In the spring of 1996, I was able to retrace a portion of their route, one thousand miles on foot across France and Spain. In retrospect, I could see that while landscapes and cultures changed slowly from the mountains of the Auvergne to the Basque region and weeks later the flat plains of the meseta, overall the change was profound. On the journey, I conceived of an imaginary songbook, the Cancionero Anónimo, from which any number of works could be discovered.

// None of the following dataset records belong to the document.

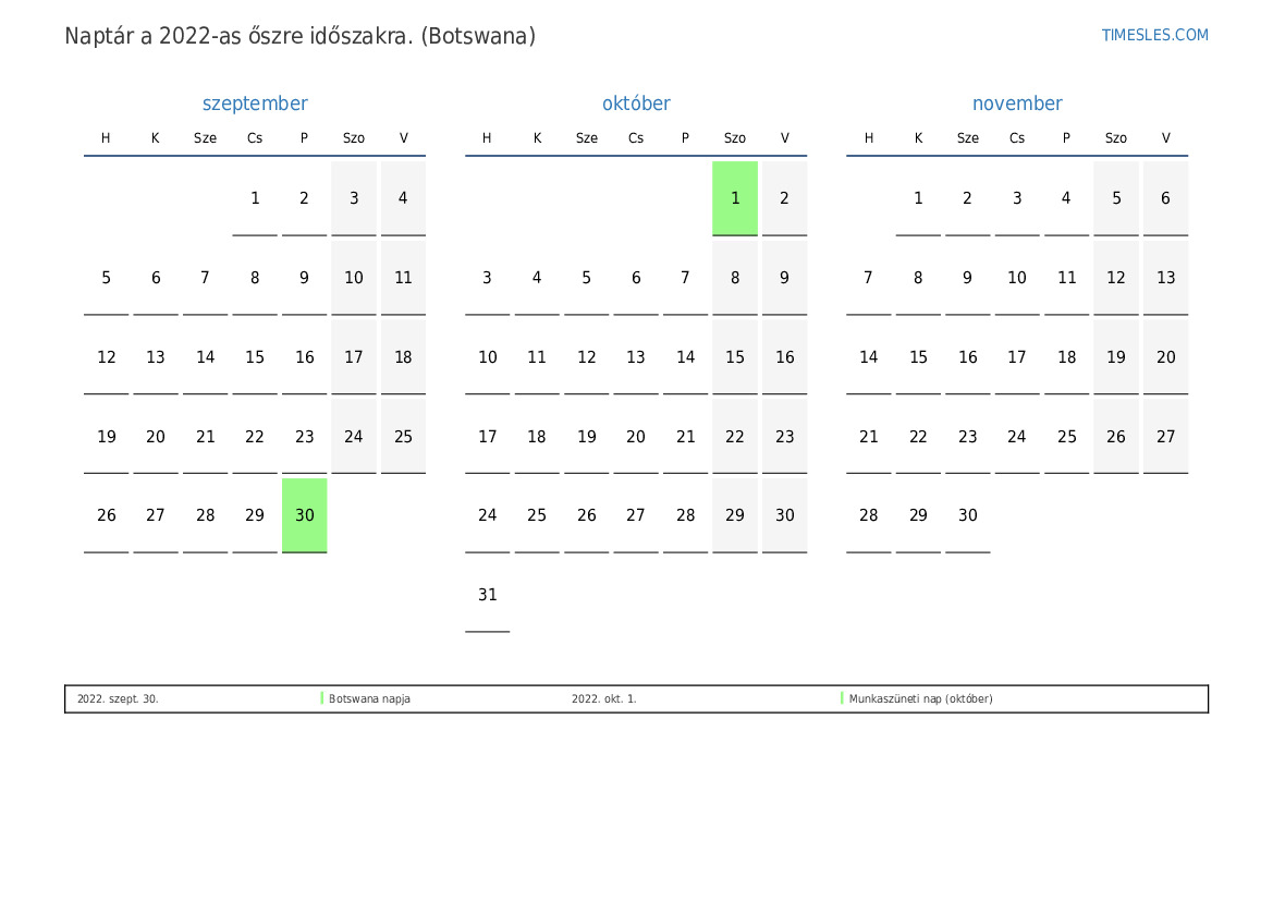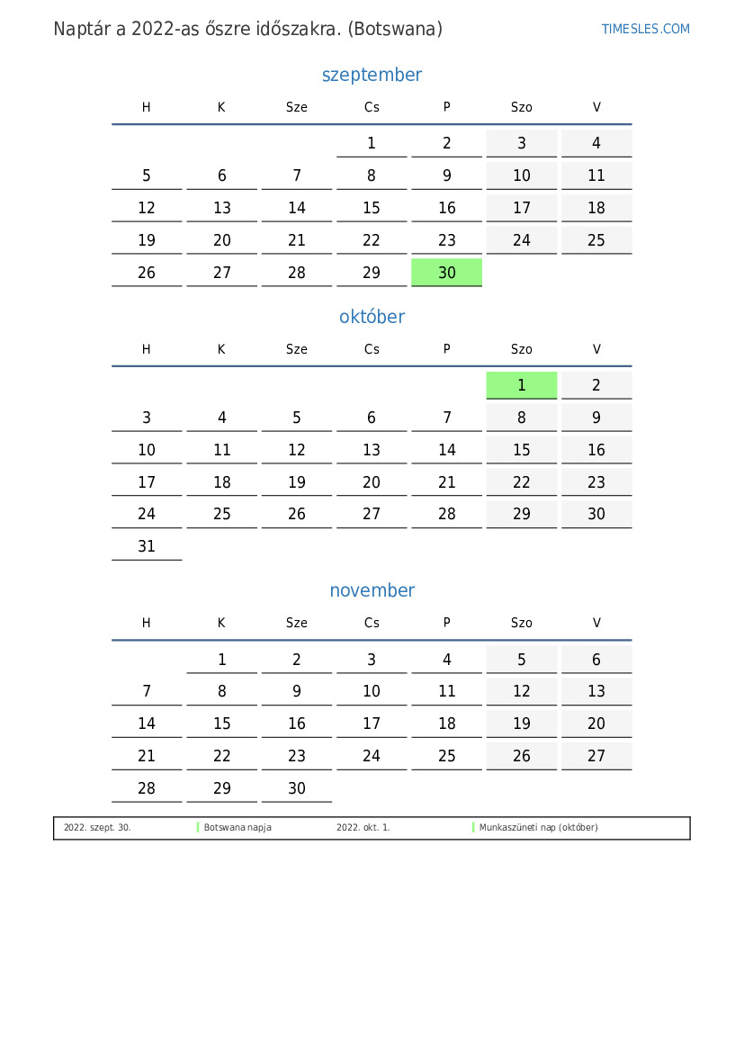 Töltse le és nyomtassa ki az ünnepnapokkal és hétvégékkel ellátott PDF naptárat Botswanának 2022 őszre
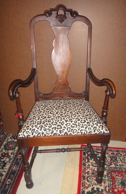 Set of Six Walnut Jacobean Style Chairs, one arm, five sides; 43 1/2" h. Set of Six Walnut Jacobean Style Chairs, one arm, five sides; 43 1/2" h.
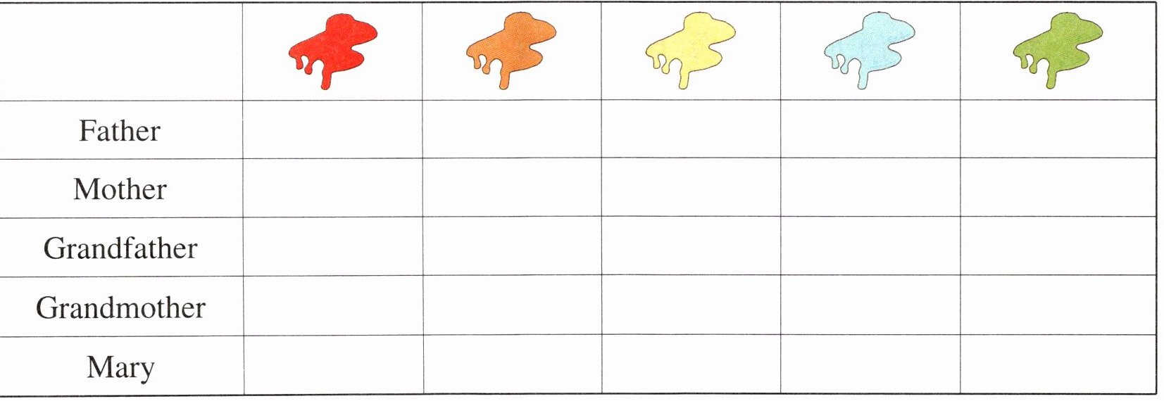 Father—蓝色 Mother—橙红色 Grandfather—红色、黄色 Grandmother—红色 Mary—绿色
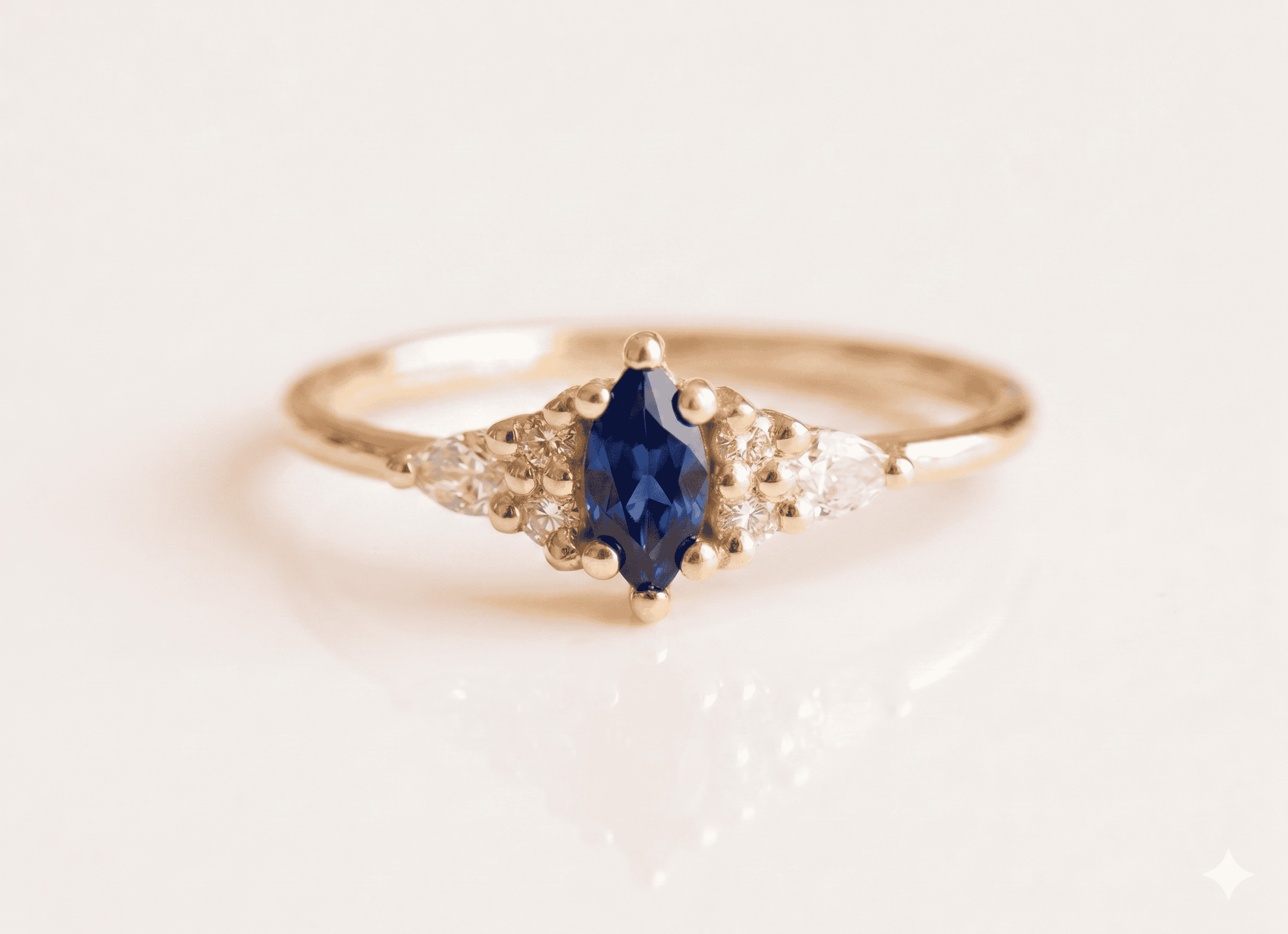 Sapphire Marquise-Cut Engagement Ring, Marquise Engagement Ring, Victorian Engagement Ring, Victorian Diamond Ring.
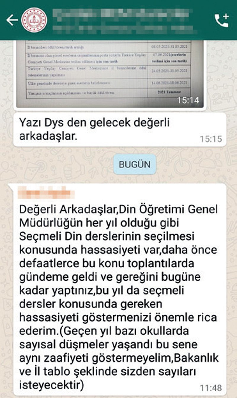 WhatsApp grubunda bir milli eğitim müdürü, “Bu üç dersin seçtirilmesi için gerekli çalışmaları yapalım. Derslerin seçilme oranlarında sorumluluk okul müdürlerinde, gerekli çalışmaların koordinesini yapalım” diyor.
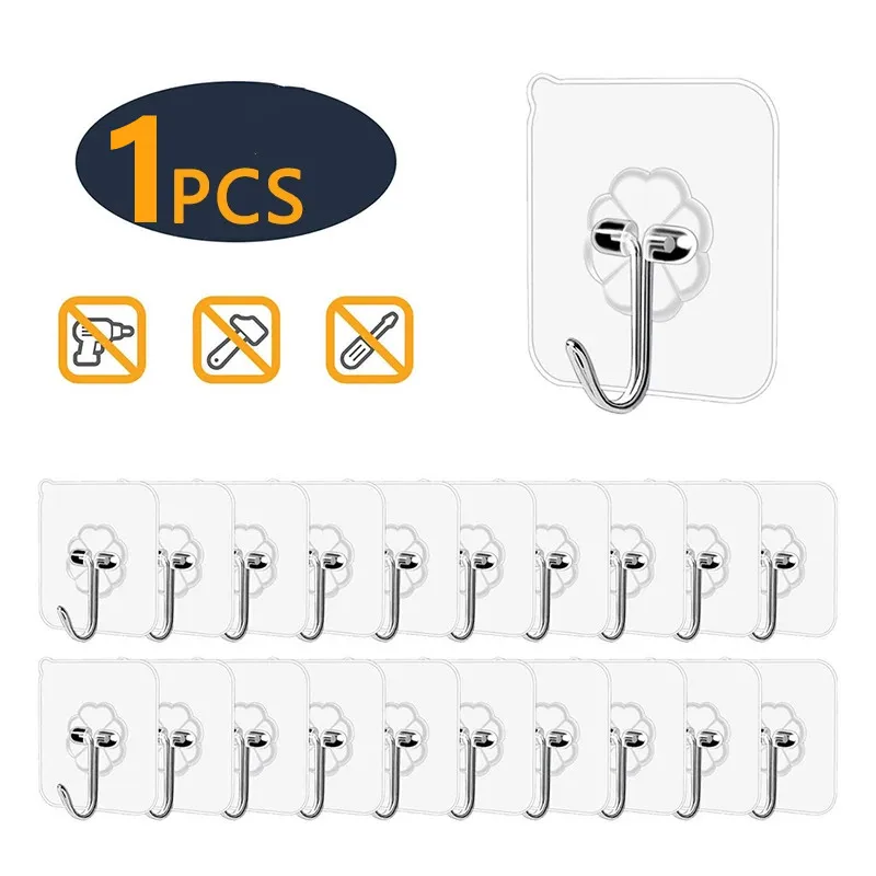 Прозрачные настенные крючки, водонепроницаемые Самоклеящиеся Многоразовые бесшовные крючки для кухни, ванной комнаты, 1 шт.
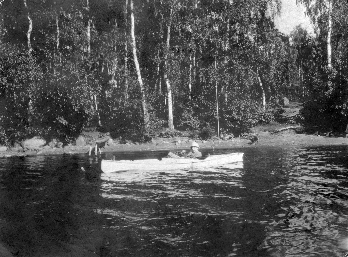 John Bauer i en kanot vid Björkudden på sjön Bunn utanför Gränna.

This piece imagines an aging Tetzel, moving between memory and reality. Along the way his landscape changes, his mind opens to more possibilities and his rhythm slows with the coming of night. Musically this is accomplished by six note harmonic-tonal clouds that shift one note at a time to become, at the end of the piece, a completely different set, all of which are derivations of the initial six note set; a musical pilgrimage of a sort. The rhythm of the piece follows essentially the same procedure. Tetzel's song is not meant to be dramatic, nor to indulge in a post-modern quasi-medieviality, but simply to reflect on the internal motions of a man.

The Camino


He had with him Jan Scrobitz Kollattbratt, Lord Buyan von Schwanburck, Achatz Frodner, Petipesky, Knysto, Indersyz, and three noble pages, among them a banneret's son...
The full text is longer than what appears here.